Она не замедлила шага. Он суетливо пытался пристроиться рядом, но никак не мог попасть в ногу — то отставал, то забегал вперед, беспомощно заглядывая ей в лицо. Как когда-то — Симагин Асе.
— Вы, наверное, уже прочитали… или вам кто-то сказал? Если вы не читали, я принес газету, посмотрите!

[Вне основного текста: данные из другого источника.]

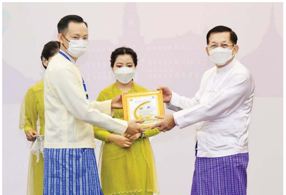
နိုင်ငံတော်စီမံအုပ်ချုပ်ရေးကောင်စီဥက္ကဋ္ဌ နိုင်ငံတော်ဝန်ကြီးချုပ် ဗိုလ်ချုပ်မှူးကြီးမင်းအောင်လှိုင် ကမ္ဘာခရီးသွားလုပ်ငန်းနေ့အထိမ်းအမှတ်ပြိုင်ပွဲတွင် ဆုရသူတစ်ဦးအား ဆုချီးမြှင့်စဉ်။

ပြည့်စုံအောင် ဆောင်ရွက်ပေးကြ ရမည်ဖြစ်ပါကြောင်း။ ခရီးသွားလုပ်ငန်း၏ သဘော သဘာဝအရ လုပ်ငန်းနယ်ပယ် ပေါင်းစုံတွင် အကျိုးဖြစ်ထွန်းစေပါ ကြောင်း၊ မြို့ပြနှင့် ကျေးလက် ဒေသများတွင်ရှိသည့် အမျိုးသမီး များ၊ လူငယ်များနှင့်ကျေးလက်နေ ပြည်သူများကို အလုပ်အကိုင် အခွင့်အလမ်းများ ရရှိစေနိုင်သည့် အပြင် မိမိတို့တိုင်းရင်းသားလူမျိုး များ၏ ရိုးရာဓလေ့များ၊ ယဉ်ကျေး မှုအမွေအနှစ်များ၊ သဘာဝအရင်း အမြစ်များနှင့် အလှအပများကို ဖွင့်လှစ်ပြသနိုင်သည့် အခွင့်အလမ်း များလည်း ရရှိစေမည်ဖြစ်ပါ ကြောင်း၊ ထို့ကြောင့်မြန်မာနိုင်ငံ၏ ခရီးသွားလုပ်ငန်းကဏ္ဍကို ပိုမို ကောင်းမွန်စေရေး စီမံခန့်ခွဲပေး နိုင်ရန်အတွက် တာဝန်သိပြီး ရေရှည် ဖွံ့ဖြိုးတိုးတက်ရေးကို ဦးတည် ဆောင်ရွက်ပေးနိုင်ရန် အတွက် အစိုးရနှင့် ပုဂ္ဂလိကကဏ္ဍ မှ တာဝန်ရှိသူများ အတူတကွ ပူးပေါင်းလုပ်ဆောင်ကြရမည်ဖြစ် ပါကြောင်း။ စာမျက်နှာ ၇ သို့ ၀

Она шла, даже не глядя в его сторону. Словно не видела и не слышала. Оскальзываясь, Кашинский продолжал семенить рядом.
— Они там чуть перехлестнули пару раз, но это неизбежно, когда люди горячатся… а ведь они возмущены. Они действительно приняли все, что я рассказал, близко к сердцу… и, по правде сказать, это нельзя не принять близко к сердцу, Кира! Ведь то, что вы… что Токарев ваш творит — поистине чудовищно! Они, в редакции, уже сами связались с Америкой, нашли бывшего сослуживца — это все правда. Я только от них узнал, что его отец — Симагин… Я ведь знал его, Кира! — он задохнулся. — Знал! Обманщик… Я мог бы вам много рассказать! Но я не об этом сейчас. Я о их негодовании. Мне даже не пришлось их уговаривать — наоборот, я пытался… да-да, Кира, поверьте, я честно пытался убедить их быть более бережными, более снисходительными и осторожными. Но ведь это люди с убеждениями!
Набережная приближалась неумолимо.
— Кира! Ну постойте же! — отчаянно выкрикнул он. — Нельзя так! Хотя бы постойте! Я ведь тоже человек!
Она остановилась и повернулась к нему. На какое-то мгновение ему показалось, что ему — удалось.
— Кира, я вас… — начал было он, желая наконец сказать «люблю», но она, хоть и вняла его мольбе, слушать не собиралась.
— Знаете, Вадим, раньше были такие люди — осведомители, — спокойно и бесстрастно сказала она. — Хорошо, что мы с вами их уже не застали.
Под Кашинским затрясся заляпанный слизью непогоды асфальт.
— Стоило возникнуть чему-то человеческому, настоящему — они тут как тут. Кто-то хранит фотокарточку отца, которого посадили — надо сообщить. Кто-то на свой страх и риск читает книги по запрещенной генетике — надо сообщить. Так я это себе представляю… Никакой Берия без них ничего бы не смог.
Она запнулась, и тут самообладание ей изменило.
— Стукач!! — крикнула она свирепо.
И Кашинскому показалось, что она сейчас его ударит или оттолкнет, он даже отшатнулся заблаговременно — и, потеряв равновесие, едва не упал сам.
Ася тогда ударила Симагина. Но Кире было мерзко даже ударить.
— Стукач!! — с невыразимым отвращением повторила она. Лицо её исказилось так, что Антон, наверное, её бы не узнал — такой он никогда не видел жену. Даже когда они ссорились, казалось, насмерть.
Резко повернувшись, Кира пошла к залитой половодьем рыжего света набережной; и больше не останавливалась.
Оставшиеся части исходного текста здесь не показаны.